We write to confirm that you retired from the Royal Scots Dragoon Guards on 1st March 2001 at the rank of Lt Colonel, having been commissioned into the British Army at Edinburgh Castle as a 2nd Lieutenant on 1st February 1366. Accordingly, your lump sum payment, based on years served, has been calculated as £68,500. You will receive a cheque for this amount in due course.

Yours sincerely,

Army Paymaster

Col Maclaren replied,

“Dear Paymaster,

Thank you for your recent letter confirming that I served as an officer in the Royal Scots Dragoon Guards between 1st February 1366 and 1st March 2001 – a total period of 635 years and 1 month. I note however that you have calculated my lump sum to be £68,500, which seems to be considerably less than it should be bearing in mind my length of service since I received my commission from King Edward III.

By my calculation, allowing for interest payments and currency fluctuations, my lump sum should actually be £6,427,586,619.47.

I look forward to receiving a cheque for this amount in due course.

Yours sincerely,

Robert Maclaren (Lt Col Retd)

     A month passed by, and then in early April, a stout manilla envelope from the Ministry of Defence in Edinburgh dropped through Col. Maclaren’s letter box. It read:

“Dear Lt Colonel Maclaren,

We have reviewed the circumstances of your case as outlined in your recent letter to us dated 8th March inst. We do indeed confirm that you were commissioned into the Royal Scots Dragoon Guards of the British Army by King Edward III at Edinburgh Castle on 1st February 1366 and that you served continuously for the following 635 years and 1 month. We have re-calculated your pension and have pleasure in confirming that the lump sum payment due to you is indeed £6,427,586,619.47.

   However, we also note that according to our records, you are the only surviving officer who had command responsibility during the following campaigns and battles:

The Wars of the Roses 1455 -1485 (including the battles of Bosworth Field, Barnet, and Towton), The Civil War 1642 -1651 (including the battles Edge Hill, Naseby, and the conquest of Ireland), The Napoleonic War 1803 – 1815 (including the battle of Waterloo and the Peninsular War), The Crimean War (1853 – 1856) (including the battle of Sevastopol and the Charge of the Light Brigade), The Boer War (1899 -1902).

   We would, therefore, wish to know what happened to the following, which do not appear to have been returned to the British Army Stores by you on completion of operations:

9765 Cannon

26,785 Swords

12,889 Pikes

127,345 Rifles (with bayonets)

28,987 horses (fully kitted)

Plus three complete marching bands with instruments and banners.

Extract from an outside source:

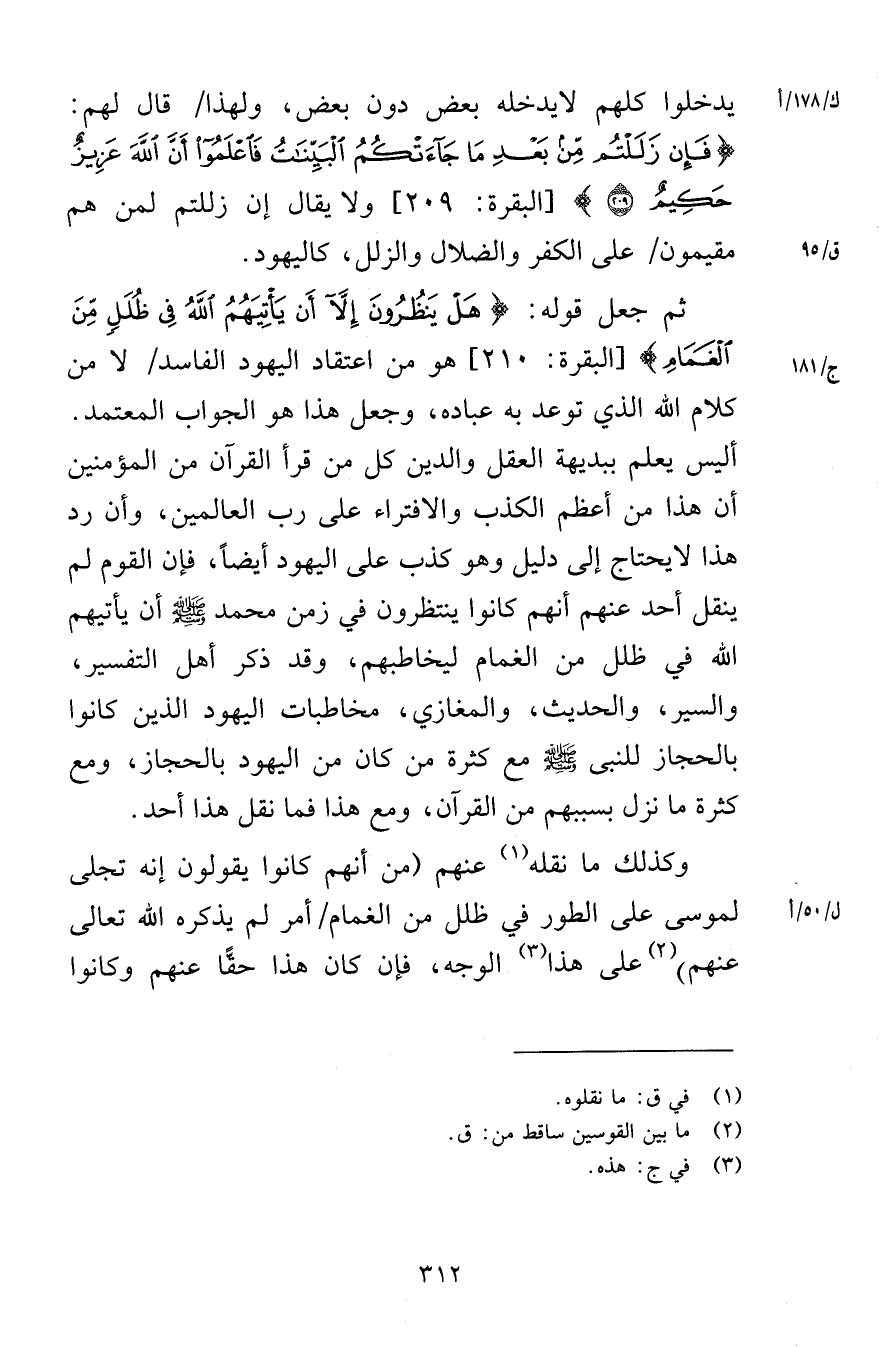 يدخلوا كلهم لا يدخله بعض دون بعض ولهذا قال لهم فَإِنْ زَلَلْتُمْ مِنْ بَعْدِ مَا جَاءَتْكُمُ الْبَيِّنَاتُ فَاعْلَمُوا أَنَّ اللَّهَ عَزِيزٌ حَكِيمٌ (209) [البقرة 209] ولا يقال لهم إن زللتم لمن هم مقيمون على الكفر والضلال والزلل كاليهود ثم جعل قوله هَلْ يَنْظُرُونَ إِلَّا أَنْ يَأْتِيَهُمُ اللَّهُ فِي ظُلَلٍ مِنَ الْغَمَامِ [البقرة 210] هو من اعتقاد اليهود الفاسد لا من كلام الله الذي توعد به عباده وجعل هذا هو الجواب المعتمد أليس يعلم ببديهة العقل والدين كل من قرأ القرآن من المؤمنين أن هذا من أعظم الكذب والافتراء على رب العالمين وأن رد هذا لا يحتاج إلى دليل وهو كذب على اليهود أيضاً فإن القوم لم ينقل أحد عنهم أنهم كانوا ينتظرون في زمن محمد صلى الله عليه وسلم أن يأتيهم الله في ظلل من الغمام ليخاطبهم وقد ذكر أهل التفسير والسير والحديث والمغازي مخاطبات اليهود الذين كانوا بالحجاز للنبي صلى الله عليه وسلم مع كثرة من كان من اليهود بالحجاز ومع كثرة ما نزل بسببهم من القرآن ومع هذا فما نقل هذا أحد وكذلك ما نقله عنهم من أنهم كانوا يقولون إنه تجلى لموسى على الطور في ظلل من الغمام أمر لم يذكره الله تعالى عنهم على هذا الوجه فإن كان هذا حقًّا عنهم وكانوا

   We have calculated the total cost of these items and they amount to £6,427,518.119.47. We have therefore subtracted this sum from your lump sum, leaving a residual amount of £68,500, for which you will receive a cheque in due course.

Yours sincerely . . . .”

     In case you didn’t notice, the original letter from the British Army stated, presumably incorrectly, that Col. Maclaren was commissioned on February 1, 1366.

     I promise to document more instances of irreverent humour. We need far more of it to keep us humble and sane.